14. For A as in exercise 12 i.e., \[A = \left[ {\begin{array}{*{20}{c}}{\bf{1}}&{\bf{2}}&{\bf{3}}\\{\bf{4}}&{\bf{5}}&{\bf{7}}\\{ - {\bf{5}}}&{ - {\bf{1}}}&{\bf{0}}\\{\bf{2}}&{\bf{7}}&{{\bf{11}}}\end{array}} \right]\], find a nonzero vector in Nul A and a nonzero vector in Col A.

First, solve the equation \[Ax = 0\].

Its augmented matrix is:

\[\left[ {\begin{array}{*{20}{c}}A&0\end{array}} \right] \sim \left[ {\begin{array}{*{20}{c}}1&2&3&0\\4&5&7&0\\{ - 5}&{ - 1}&0&0\\2&7&{11}&0\end{array}} \right]\]
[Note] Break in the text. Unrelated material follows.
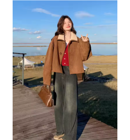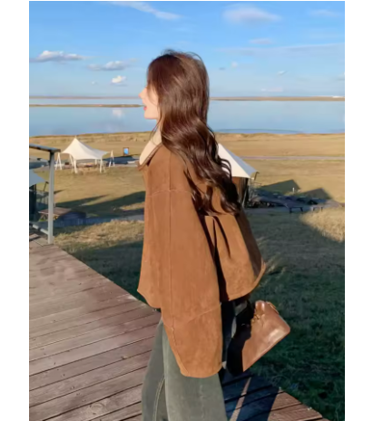 This reversible coat features a plush lambswool texture on both sides, offering two wearable looks in one simple piece. Its loose, comfortable outline supports effortless layering, while the single-breasted closure maintains a clean and practical structure. The retro-inspired finish adds quiet character to everyday outfits, making it a versatile top for transitioning through cooler weather. Designed for relaxed autumn wear, it provides steady warmth with an understated, easygoing style.

At row 2, multiply row 1 by 4 and subtract it from row 2, i.e., \[{R_2} \to {R_2} - 4{R_1}\], at row 3. Multiply row 1 by 5 and add it to row 3, i.e., \[{R_3} \to {R_3} + 5{R_1}\], and at row 4, multiply row 1 by 2 and subtract it from row 4, i.e., \[{R_4} \to {R_4} - 2{R_1}\]. Therefore,

\[ \sim \left[ {\begin{array}{*{20}{c}}1&2&3&0\\0&{ - 3}&{ - 5}&0\\0&9&{15}&0\\0&3&5&0\end{array}} \right]\]

At row 3, multiply row 2 by 3 and add it to row 3, i.e., \[{R_3} \to {R_3} + 3{R_2}\], and at row 4, add row 2 to row 4, i.e., \[{R_4} \to {R_4} + {R_2}\]. Therefore,

\[ \sim \left[ {\begin{array}{*{20}{c}}1&2&3&0\\0&{ - 3}&{ - 5}&0\\0&0&0&0\\0&0&0&0\end{array}} \right]\]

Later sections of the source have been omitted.